Problem to solve: Below are entries; repeat exactly, and nothing else, the lines from the one holding "从2026年2月以来最面板价" through the one holding "10月25日上午,甘肃省省委", inclusive. Leave the pictures out.

Data for review:
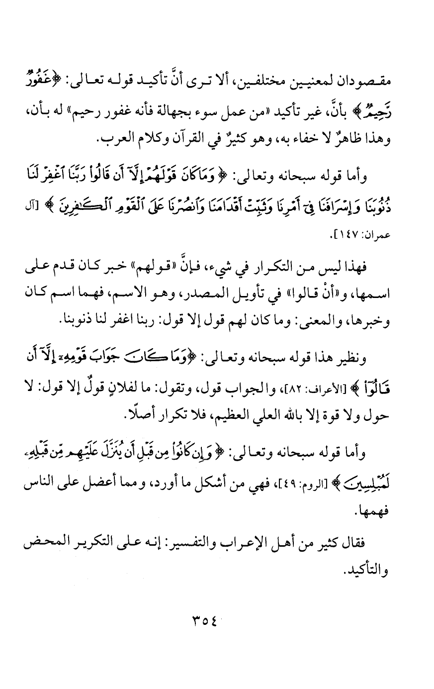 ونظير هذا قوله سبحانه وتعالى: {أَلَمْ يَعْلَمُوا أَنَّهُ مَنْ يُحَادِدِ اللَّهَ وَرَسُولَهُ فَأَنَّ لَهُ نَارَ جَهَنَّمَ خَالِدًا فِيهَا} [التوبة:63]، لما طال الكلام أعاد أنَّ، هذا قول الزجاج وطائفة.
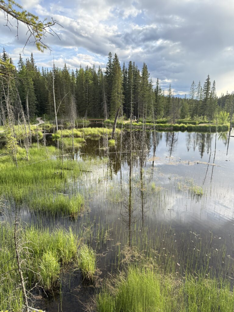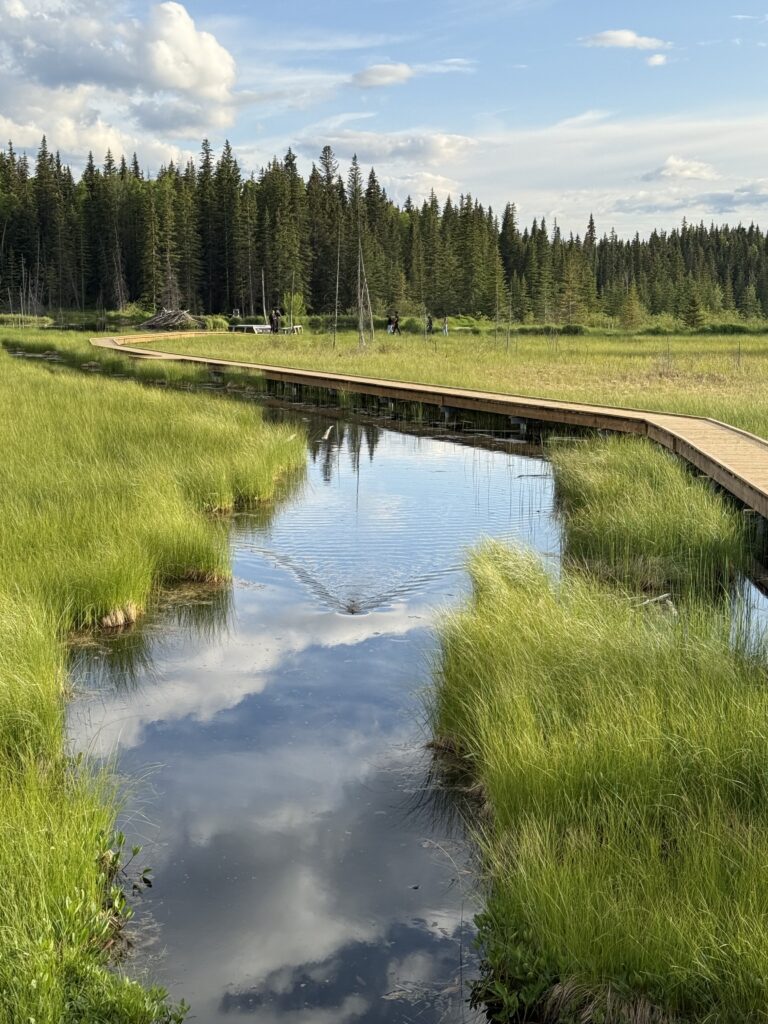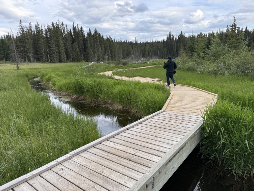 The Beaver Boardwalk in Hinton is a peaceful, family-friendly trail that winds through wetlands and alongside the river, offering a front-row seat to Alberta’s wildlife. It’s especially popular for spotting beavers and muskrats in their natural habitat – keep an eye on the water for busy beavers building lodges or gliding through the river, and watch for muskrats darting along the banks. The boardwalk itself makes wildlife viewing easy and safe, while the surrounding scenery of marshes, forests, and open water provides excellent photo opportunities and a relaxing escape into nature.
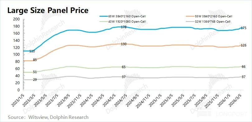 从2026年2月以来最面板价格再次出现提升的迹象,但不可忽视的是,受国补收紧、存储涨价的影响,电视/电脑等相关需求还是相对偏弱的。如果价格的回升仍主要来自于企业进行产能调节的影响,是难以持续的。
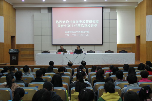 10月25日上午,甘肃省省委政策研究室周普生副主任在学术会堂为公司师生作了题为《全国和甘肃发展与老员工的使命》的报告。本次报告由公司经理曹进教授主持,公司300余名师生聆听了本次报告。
...
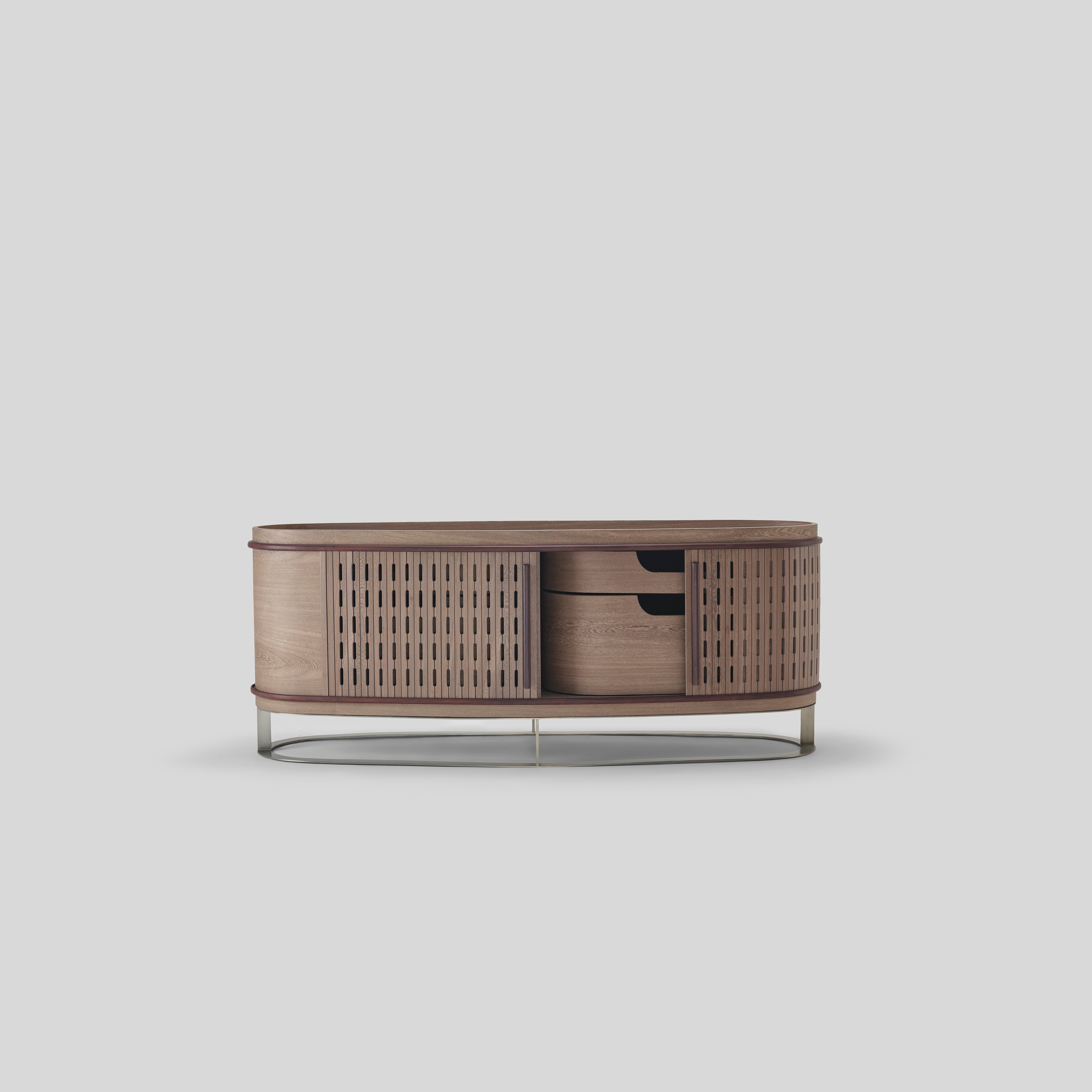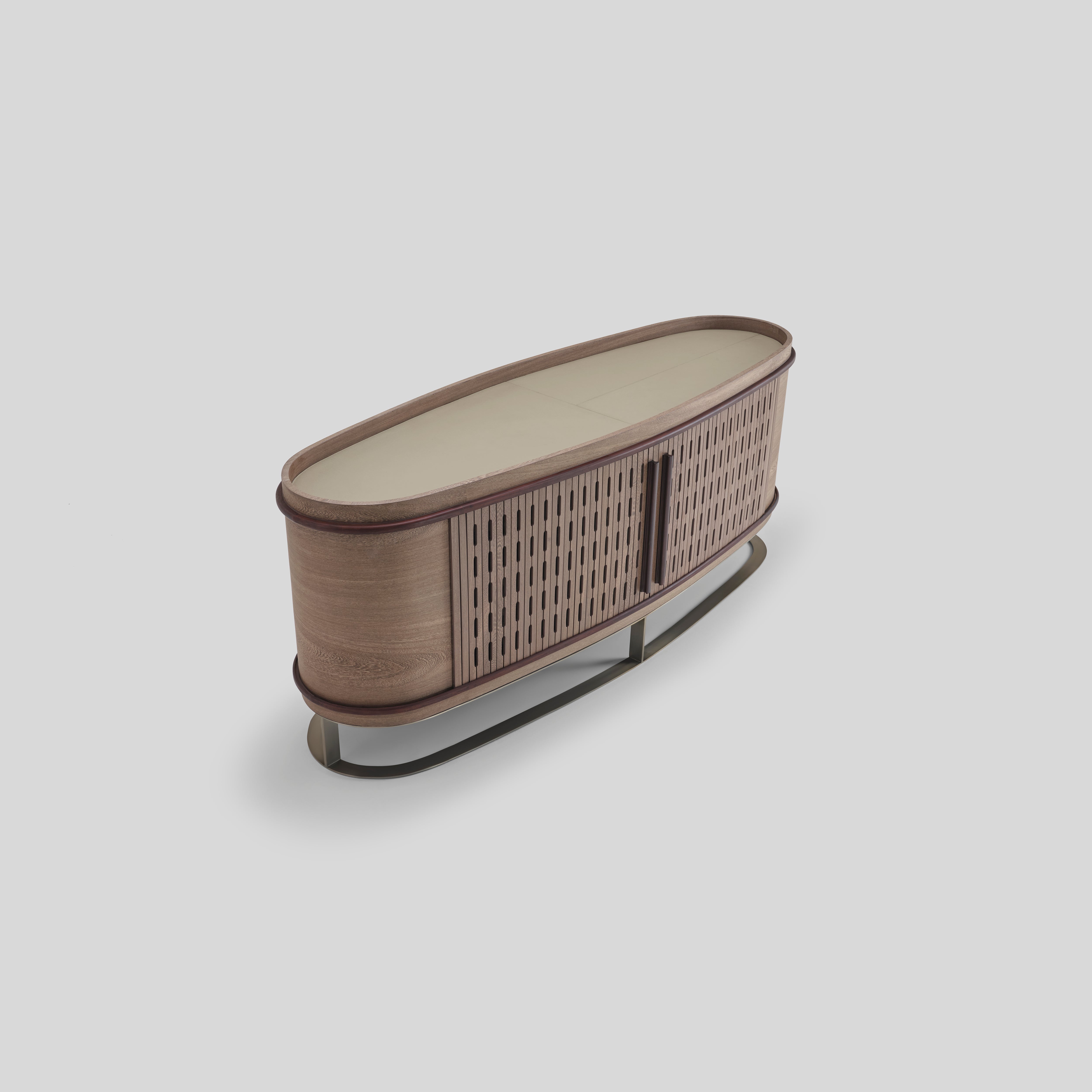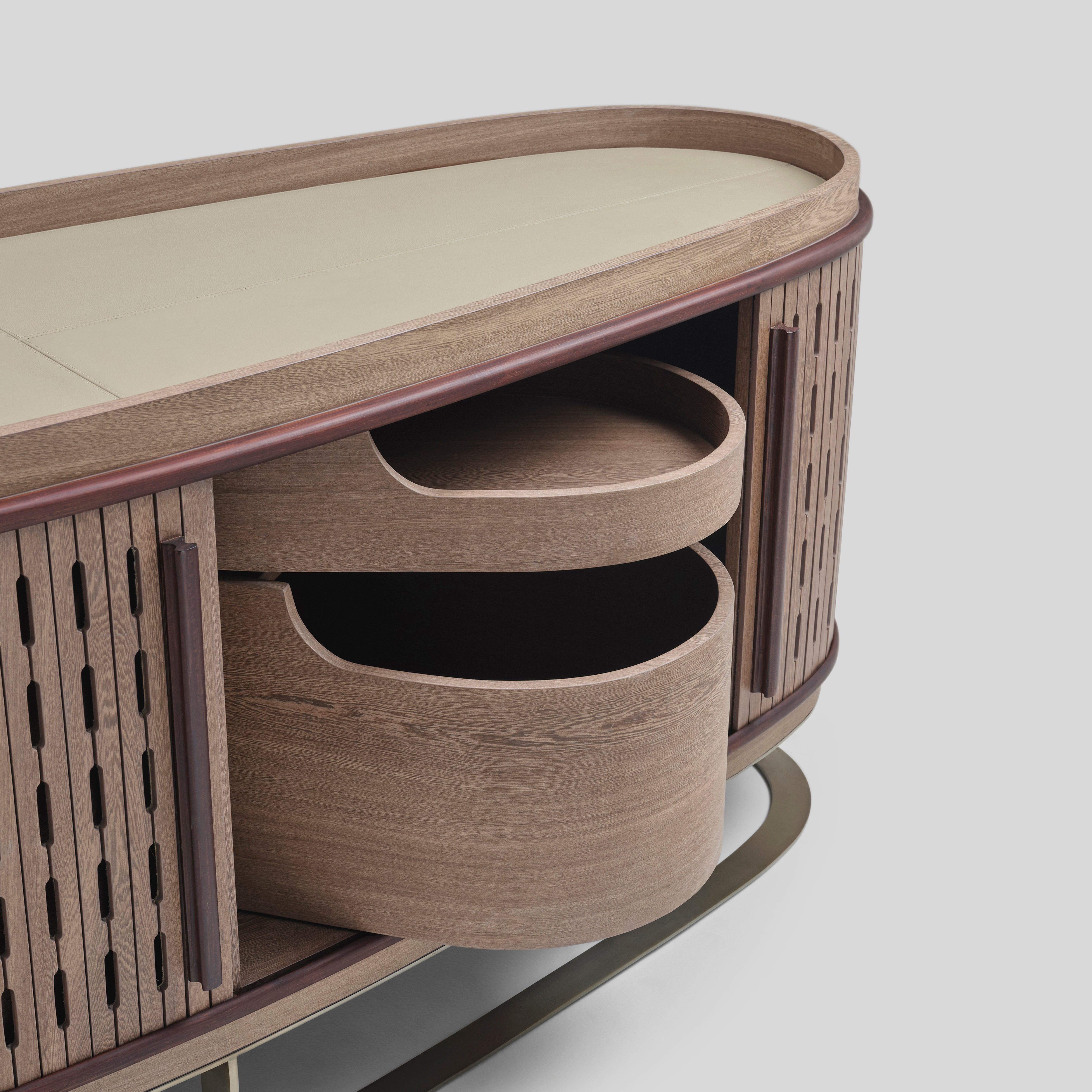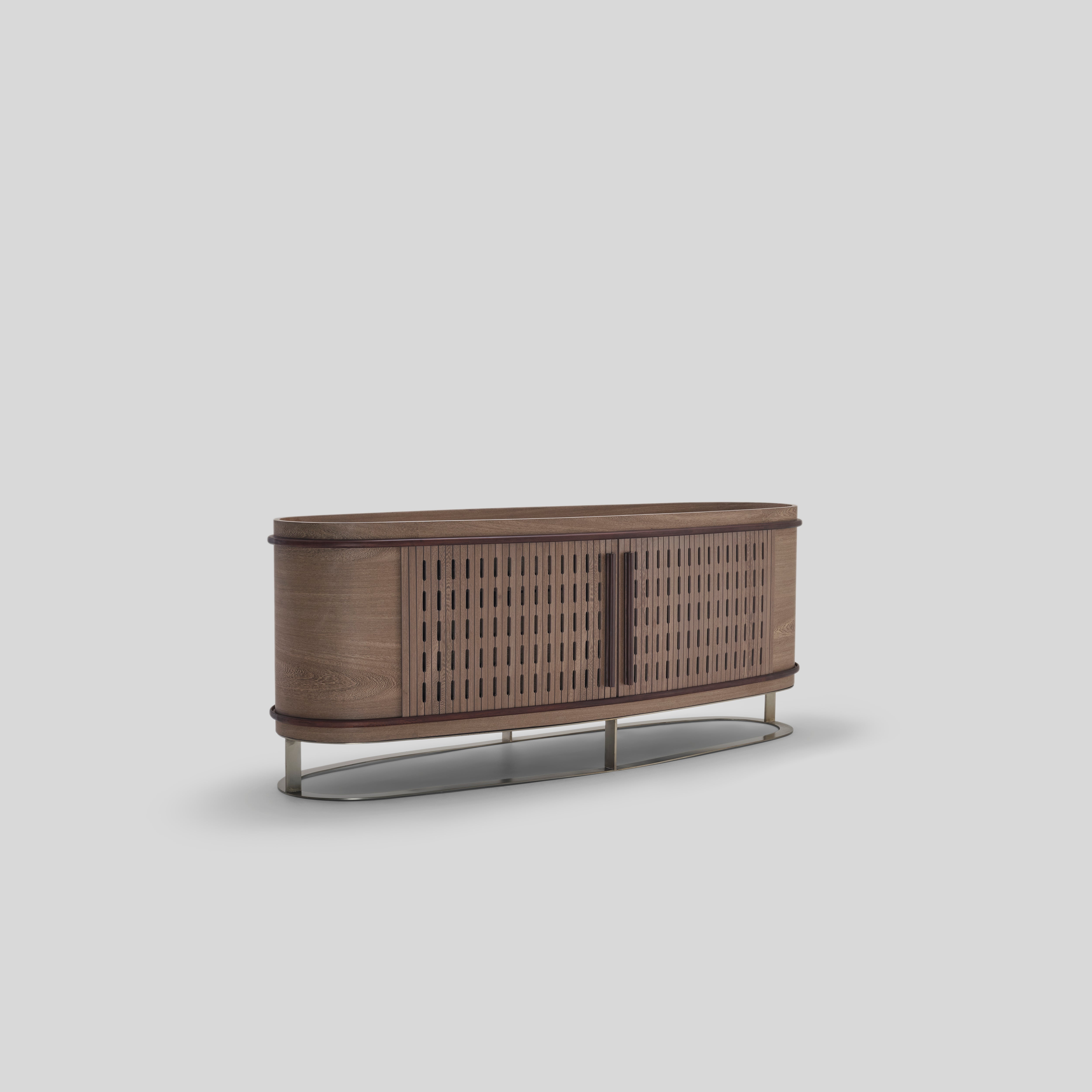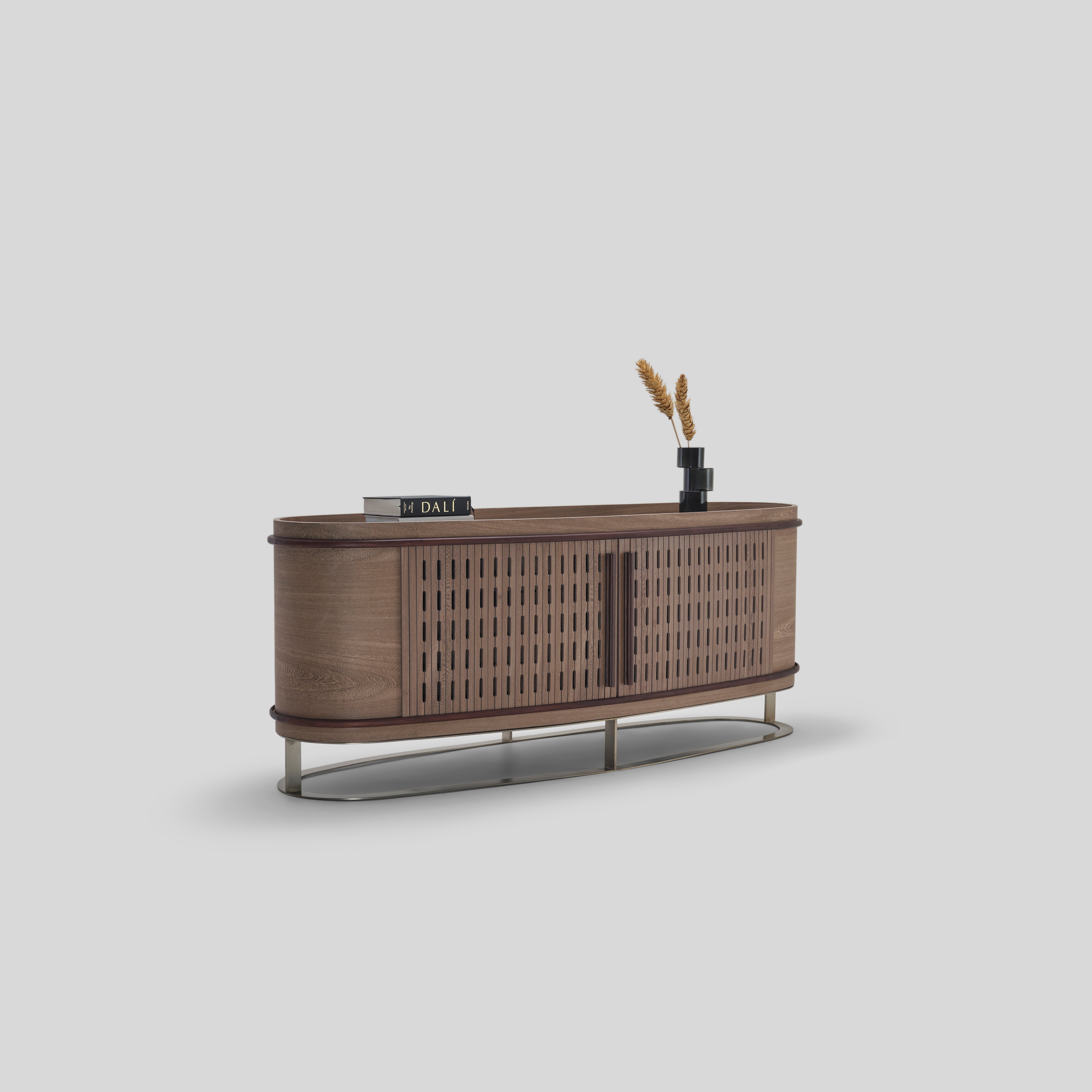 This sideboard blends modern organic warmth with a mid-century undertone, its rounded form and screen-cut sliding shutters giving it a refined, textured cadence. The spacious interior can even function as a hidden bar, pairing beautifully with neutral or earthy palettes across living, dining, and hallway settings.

Solution:
 从2026年2月以来最面板价格再次出现提升的迹象,但不可忽视的是,受国补收紧、存储涨价的影响,电视/电脑等相关需求还是相对偏弱的。如果价格的回升仍主要来自于企业进行产能调节的影响,是难以持续的。
 10月25日上午,甘肃省省委政策研究室周普生副主任在学术会堂为公司师生作了题为《全国和甘肃发展与老员工的使命》的报告。本次报告由公司经理曹进教授主持,公司300余名师生聆听了本次报告。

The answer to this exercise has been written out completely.